Medical marijuana has been legal in California for 21 years. As a result, employers in the state have more experience working with employees who use it legally, says John Malanca, co-founder of United Patients Group in Greenbrae, CA. His organization supports education on medical marijuana use.

Employers should first understand how marijuana is used medically. Malanca explains that it does not always impair judgment or physical activity.

“An employee battling a disease as severe as cancer can use a nonpsychoactive product during the day,” Malanca says. “At night, they can take a THC-dominant product to help fight the disease.”

Employers can also manage the legal use of recreational marijuana in the workplace, just as they do with other substances that impair performance, Malanca says.

“Cannabis and alcohol are both legal for recreational use in this state,” he explains. “I wouldn’t allow anyone to come to work intoxicated or smelling of liquor, and the same rule applies to cannabis.”

Malanca compares cannabis use to opioids and other pharmaceutical drugs. “If an employee passes out from drug use at work, it’s not acceptable just because they have a prescription,” he says. “Employers may assume that legalizing cannabis means people will be under the influence at work, but that does not have to be allowed.”

Consider Forms of Medical Use

Richard Kimball, managing partner of HExL, a consulting company in New York City, says healthcare providers must consider the use of medical marijuana during the workday. If an organization does not enforce a zero-tolerance policy and allows legal medical marijuana use, it must establish clear guidelines for its use on the premises.

Most employees can avoid using marijuana at work.

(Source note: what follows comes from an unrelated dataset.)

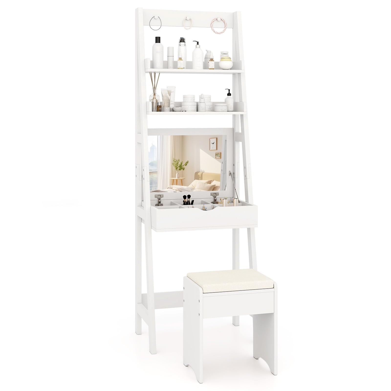 Saves space and meets multiple needs with a flip-top mirror

However, some may need to take it during the day, just as others take prescribed medications at different times.

The same issue arises when patients require marijuana while admitted.

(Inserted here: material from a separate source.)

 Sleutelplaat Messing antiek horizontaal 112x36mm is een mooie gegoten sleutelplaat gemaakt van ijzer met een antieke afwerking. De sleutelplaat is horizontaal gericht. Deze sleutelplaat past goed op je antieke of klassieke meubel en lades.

“In that case, you must consider what is practical and safe in the workplace,” Kimball says. “Smoking marijuana in a hospital setting makes no sense. Vaporizing is questionable, and even edibles may not be appropriate.”

Kimball expects acceptance of medical and recreational marijuana to continue growing. He advises healthcare risk managers to prepare for these challenges, even if they are not yet immediate concerns.

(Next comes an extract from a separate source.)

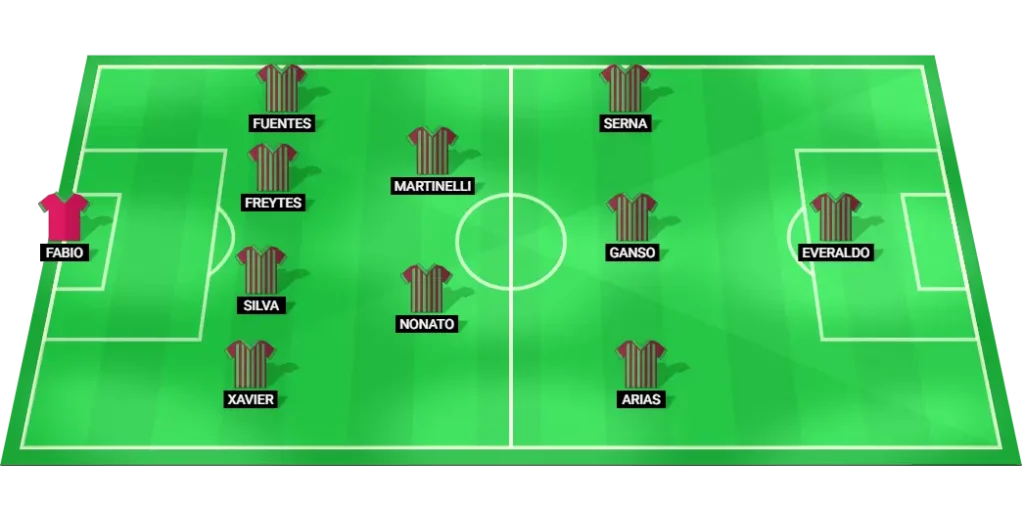 Fluminense Expected Lineup: Fabio (GK), Samuel Xavier (DF), Thiago Silva (DF), Juan Pablo Freytes (DF), Gabriel Fuentes (DF), Gustavo Nonato (MF), Martinelli (MF), Jhon Arias (MF), Ganso (MF), Kevin Serna (MF), Everaldo (FW).

One potential legal issue involves the Americans with Disabilities Act (ADA), which broadly defines disabilities, says Amanda Wingfield Goldman, JD, an attorney at Coats Rose in New Orleans.

“If you take medication to manage a health issue, many could argue that it qualifies as treatment for a disability,” she says.

“It is not unrealistic to expect an employee to file an ADA lawsuit against an employer for interfering with disability-related treatment and failing to provide accommodations.”

Most Employers Ban Marijuana Entirely

When they have any choice at all, most employers opt to prohibit the use of marijuana no matter their state law, says Tim Thoelecke, Jr., president of InOut Labs, a drug testing service company in Morton Grove, IL. “I don’t see the healthcare industry as having any unique concerns, other than access to narcotics on the job.

Healthcare employees, in my view, should be treated as any other safety-sensitive workforce,” he says. “To date, pretty much any case that has made it to court has come out in favor of an employer’s right to a drug-free workplace. One could easily argue that providing a drug-free workplace is not only an employer’s right, but also his/her duty, when it comes to safety.”

Any substance that can impair judgment should be carefully monitored, Thoelecke notes. If a factory worker, for example, is on pain medication that could make him or her unsafe to him- or herself or a co-worker, many employee substance policies require the worker notify human resources so he can be put on light duty or in some other role. “For medical marijuana, I suppose an employer could have the same rule, but since marijuana is still Schedule I, and illegal federally, it can be banned entirely if an employer chooses,” he says. “Most do choose that route.”